# The task:
Count the lines holding the string "第四の革命" in the records, and give only the count.

# Provided information:
....

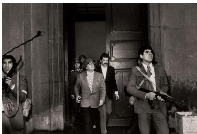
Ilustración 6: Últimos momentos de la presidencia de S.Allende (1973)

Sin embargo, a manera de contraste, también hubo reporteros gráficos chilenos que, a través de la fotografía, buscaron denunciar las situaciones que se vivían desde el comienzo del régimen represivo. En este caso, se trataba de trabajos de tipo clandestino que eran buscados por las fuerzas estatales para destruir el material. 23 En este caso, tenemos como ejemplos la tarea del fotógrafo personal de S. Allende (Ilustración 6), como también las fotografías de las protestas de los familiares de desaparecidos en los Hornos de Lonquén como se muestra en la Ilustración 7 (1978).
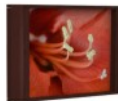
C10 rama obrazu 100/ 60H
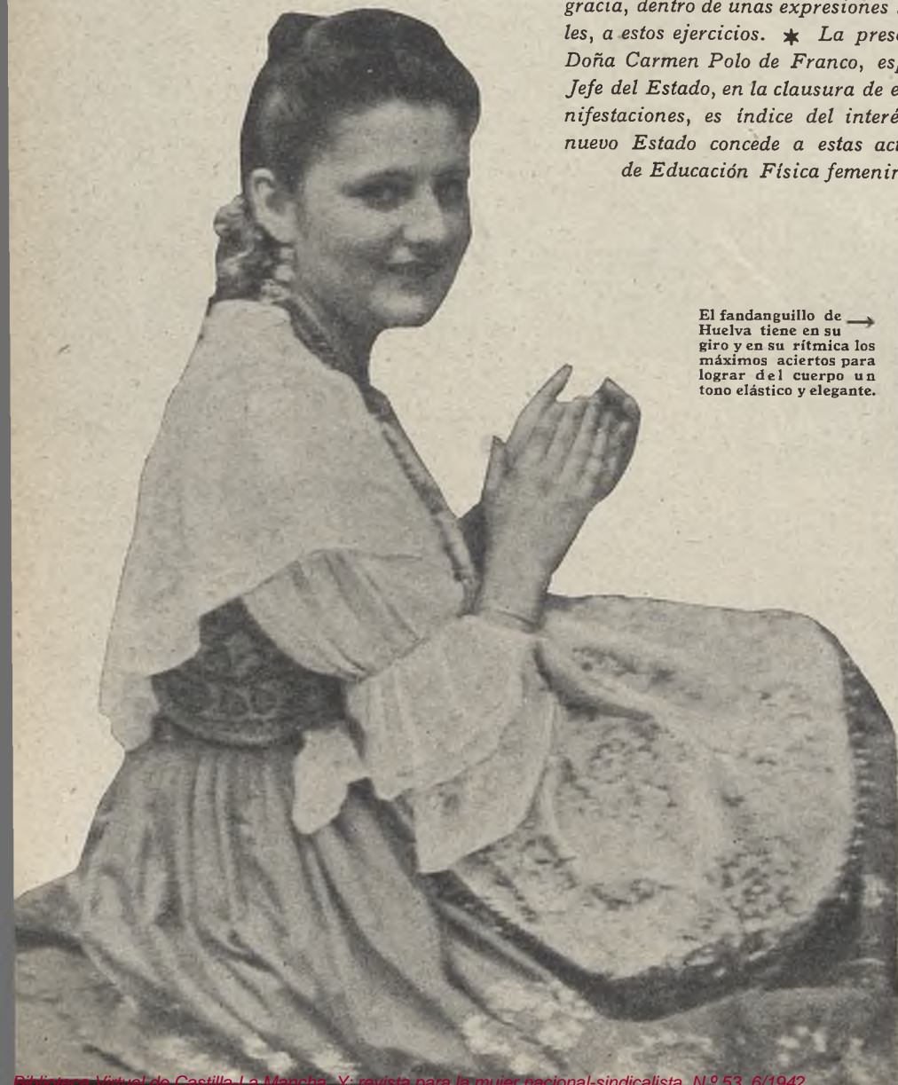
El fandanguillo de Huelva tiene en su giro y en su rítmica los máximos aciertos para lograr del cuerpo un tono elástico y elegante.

....

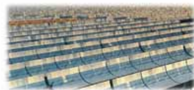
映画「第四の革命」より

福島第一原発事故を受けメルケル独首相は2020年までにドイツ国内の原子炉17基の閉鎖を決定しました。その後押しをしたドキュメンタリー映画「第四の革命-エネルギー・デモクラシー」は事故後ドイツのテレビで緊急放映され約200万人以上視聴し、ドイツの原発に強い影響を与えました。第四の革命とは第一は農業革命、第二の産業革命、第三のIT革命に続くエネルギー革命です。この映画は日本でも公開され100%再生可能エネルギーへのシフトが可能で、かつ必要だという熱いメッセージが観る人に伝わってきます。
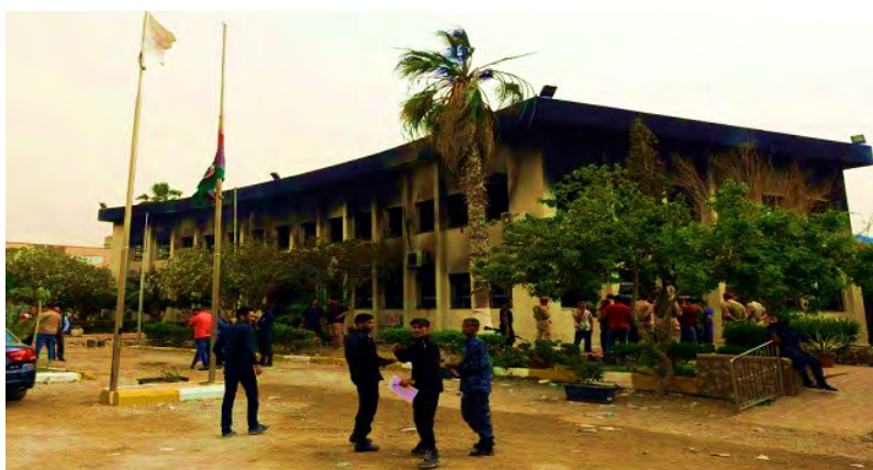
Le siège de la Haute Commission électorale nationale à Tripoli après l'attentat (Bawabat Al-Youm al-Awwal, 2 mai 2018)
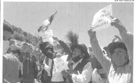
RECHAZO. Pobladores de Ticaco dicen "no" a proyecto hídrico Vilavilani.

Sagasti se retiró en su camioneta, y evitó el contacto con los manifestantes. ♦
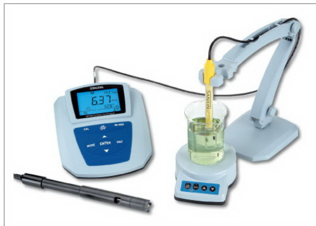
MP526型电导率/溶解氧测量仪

....

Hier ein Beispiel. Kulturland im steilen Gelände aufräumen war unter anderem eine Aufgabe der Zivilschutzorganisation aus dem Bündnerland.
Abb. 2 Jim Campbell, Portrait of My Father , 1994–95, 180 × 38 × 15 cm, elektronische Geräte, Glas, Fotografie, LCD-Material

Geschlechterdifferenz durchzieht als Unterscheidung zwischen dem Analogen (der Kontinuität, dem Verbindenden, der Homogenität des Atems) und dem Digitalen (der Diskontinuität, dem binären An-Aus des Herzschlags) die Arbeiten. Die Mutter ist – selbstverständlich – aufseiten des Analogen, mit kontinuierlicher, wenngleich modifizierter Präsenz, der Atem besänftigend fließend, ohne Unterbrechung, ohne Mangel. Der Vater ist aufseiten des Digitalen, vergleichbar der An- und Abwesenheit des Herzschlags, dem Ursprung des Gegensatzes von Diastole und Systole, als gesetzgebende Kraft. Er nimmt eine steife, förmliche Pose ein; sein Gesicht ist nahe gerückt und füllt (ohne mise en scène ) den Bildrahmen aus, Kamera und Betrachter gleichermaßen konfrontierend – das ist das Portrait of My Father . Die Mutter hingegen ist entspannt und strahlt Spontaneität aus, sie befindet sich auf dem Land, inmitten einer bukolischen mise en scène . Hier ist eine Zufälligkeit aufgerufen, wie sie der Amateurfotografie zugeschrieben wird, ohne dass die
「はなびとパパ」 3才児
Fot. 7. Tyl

....

# Response:
2